Richard Lucas, New York's fourth-round selection, is poised to do his part to redeem the ’07 draft. If the name doesn't sound familiar, it's probably for lack of exposure—the 21-year-old third baseman played in just 137 games during his first three pro seasons. The Jacksonville native contended with a knee injury in 2008 and personal issues that also resulted in missed time.
But coming off a cumulative .318/.414/.534 batting line in short-season ball last year, Lucas earned a promotion all the way to St. Lucie to begin the season. The righthanded batter was off to a 9-for-38 (.237) start with two homers and two doubles in the Florida State League. He garnered just 119 at-bats at the low Class A level, and even they were practically ancient history, having transpired in the opening weeks of the 2008 season.
"We knew (Lucas) was a guy we liked, but between the injury and the missed time, we hadn't really seen what he's capable of," director of minor league operations Adam Wogan said. "We challenged him very early in his career, but with (Jefry) Marte and others playing third base, we felt that (Lucas) was the right guy to push.
"Based on his age and experience, we felt he was the best one to put in St. Lucie. And he's handled it well."
One evaluator who saw Lucas in the Rookie-level Appalachian League last summer liked what he saw. "The ball just jumps off his bat, especially to right and right-center field" he said. "He's got what you're looking for in a hitter: bat speed and natural strength. And as pitchers started working around him, (Lucas) showed improved plate discipline. He could become a solid everyday third baseman (defensively), but his bat will have to carry him."
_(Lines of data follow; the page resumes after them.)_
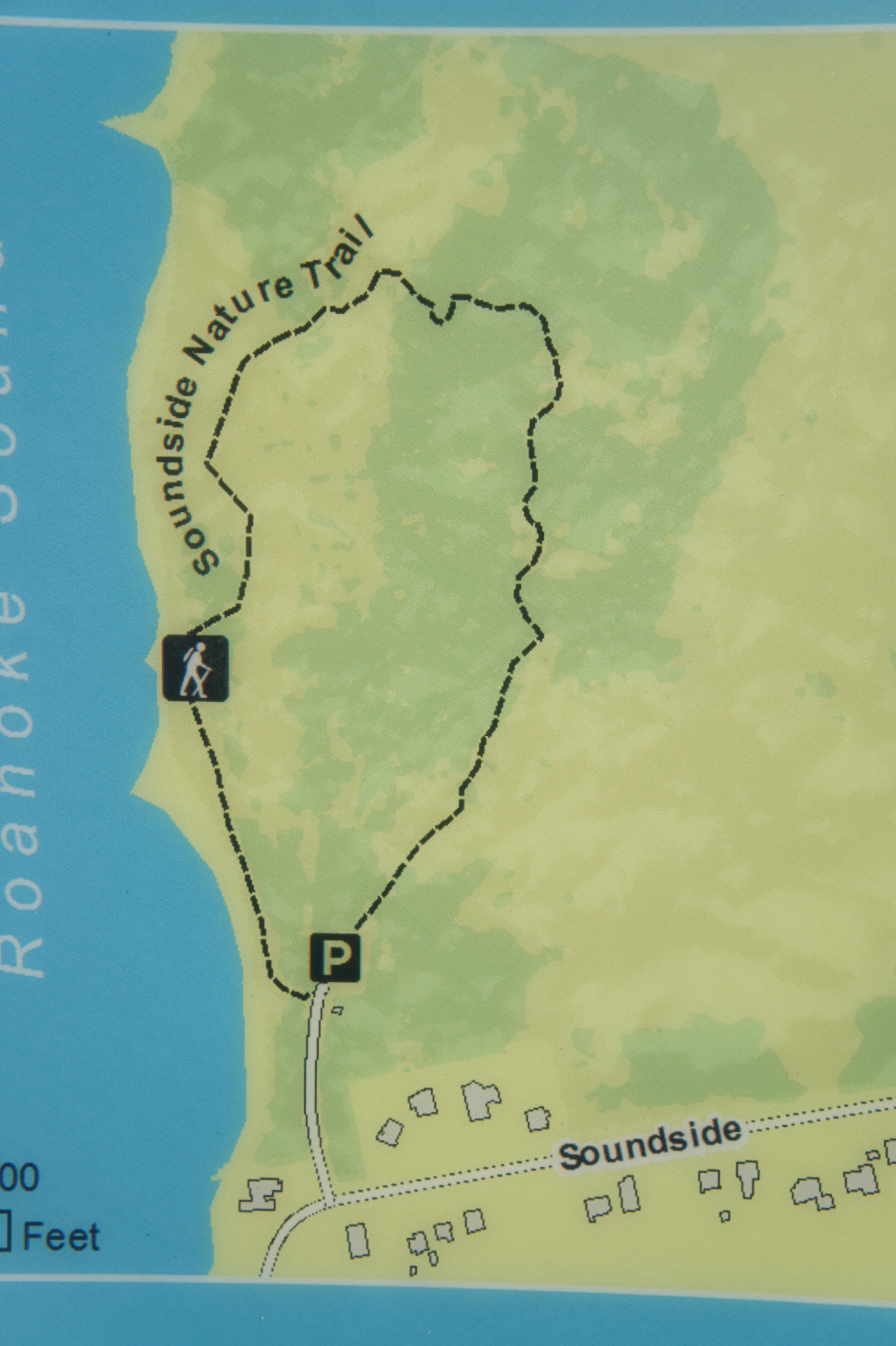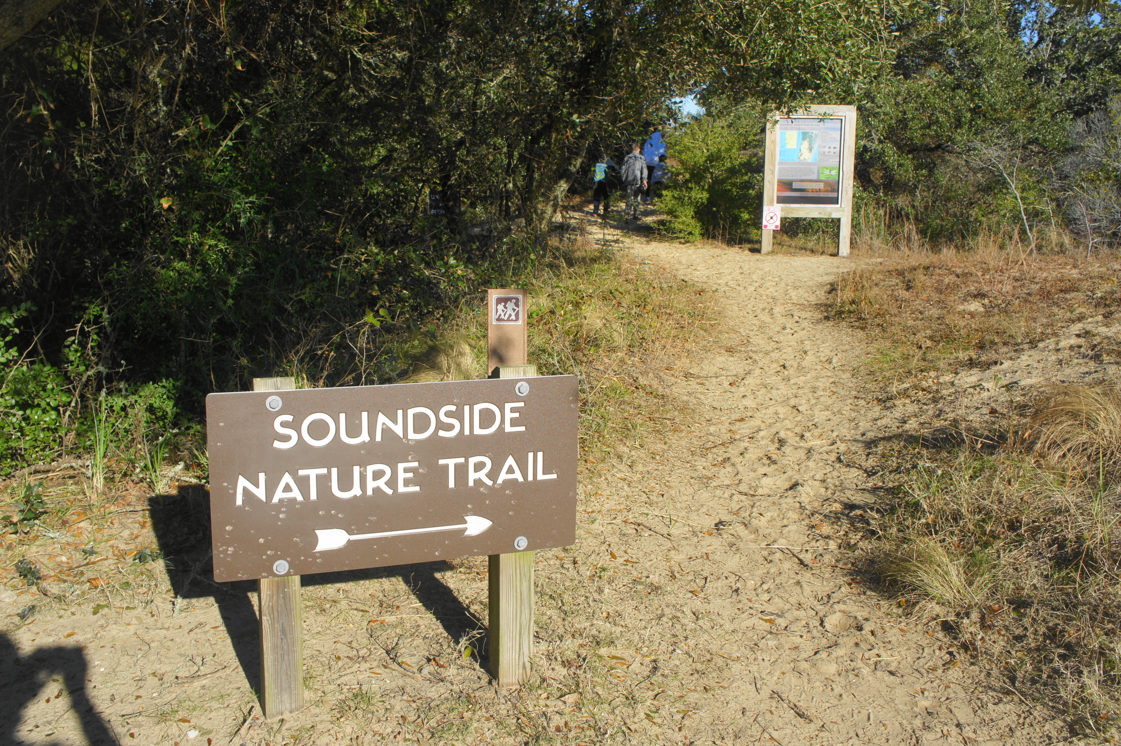 Unlike other routes in the park, reaching the trailhead for the Soundside Nature Trail requires leaving the park and driving around to the southern end of Jockey’s Ridge. From Croatan Highway in Nags Head, bear west on Soundside Road, a semi-residential drive. Just as the road begins to bend southward, take a right into the signed parking area.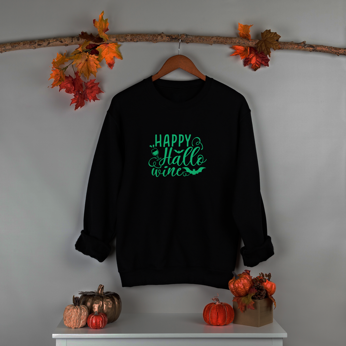Elevate your Halloween spirit with our plush black sweatshirt featuring the whimsical glow-in-the-dark 'Happy Hallo..Wine' design. Crafted for maximum comfort and fun, this sweatshirt is the perfect blend of spooky and cosy, making it ideal for chilly October nights.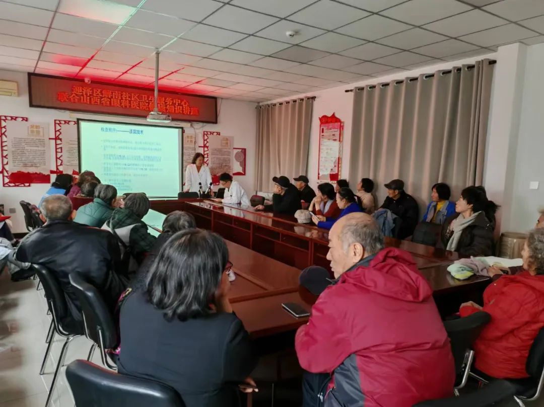 为落实省爱卫办、省卫健委、省疾控局、省计生协会联合颁发的开展“迎新春送健康享温暖”冬季爱国卫生和健康促进活动要求,提高社区居民的健康水平,普及健康知识理念,12月12日,山西省眼科医院医护团队与解南社区卫生服务中心联合走进太原市迎泽区解南社区,联合开展了“迎新春 走基层 送健康”志愿服务活动,为辖区老年人进行现场眼健康义诊、健康咨询、健康讲座等系列服务,旨在将健康知识和健康服务送到群众身边,提升群众健康获得感。

The third basemen playing one level to either side of Lucas are Lutz, who has four home runs in 11 games for Double-A Binghamton, and Marte, who opened the season on the low Class A Savannah disabled list with hamstring injury. When he returns to the Sand Gnats, Marte will once again team with shortstop Wilmer Flores on the left side of the infield. Both 18-year-old prospects spent last season in the South Atlantic League, getting their reps but struggling for long stretches at the plate.
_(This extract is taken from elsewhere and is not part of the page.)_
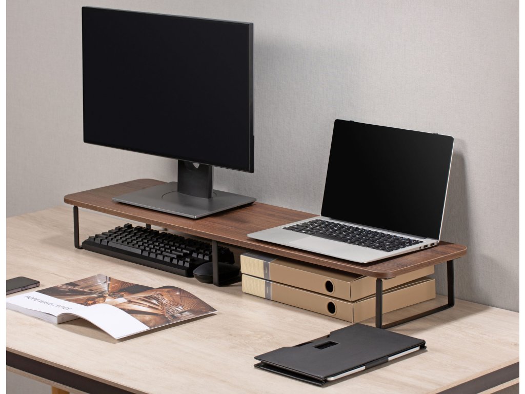 Stylowa i praktyczna podstawka pod dwa monitory lub do kombinacji monitora i notebooka. To idealne rozwiązanie dla studiów nagraniowych, nowoczesnych biur i domowych gabinetów. Ta podstawka efektywnie organizuje Twoją przestrzeń roboczą i przyczynia się do lepszej ergonomii.

For Flores, those struggles had evaporated in the early going. He was off to a 16-for-45 (.356) start with three doubles and only one strikeout, showing an almost preternatural feel for barreling the ball.
You may want to get used to the name Michael Kohn. The Angels' righthanded reliever just barely squeezed on to the organization's Top 30 prospects list last offseason (as he had with the Pioneer League's Top 20 in 2008), but he won't remain in the shadows for long if he keeps going the way he is now.
In four appearances for Double-A Arkansas, Kohn had delivered four perfect innings, striking out eight batters and notching a save in his only opportunity. The 23-year-old opened eyes in big league spring training, too, compiling a 7-to-1 strikeout-to-walk ratio in 9 1/3 innings. That showing gave Kohn the boost needed to launch him to Double-A, after he finished last season with 22 appearances in the high Class A California League.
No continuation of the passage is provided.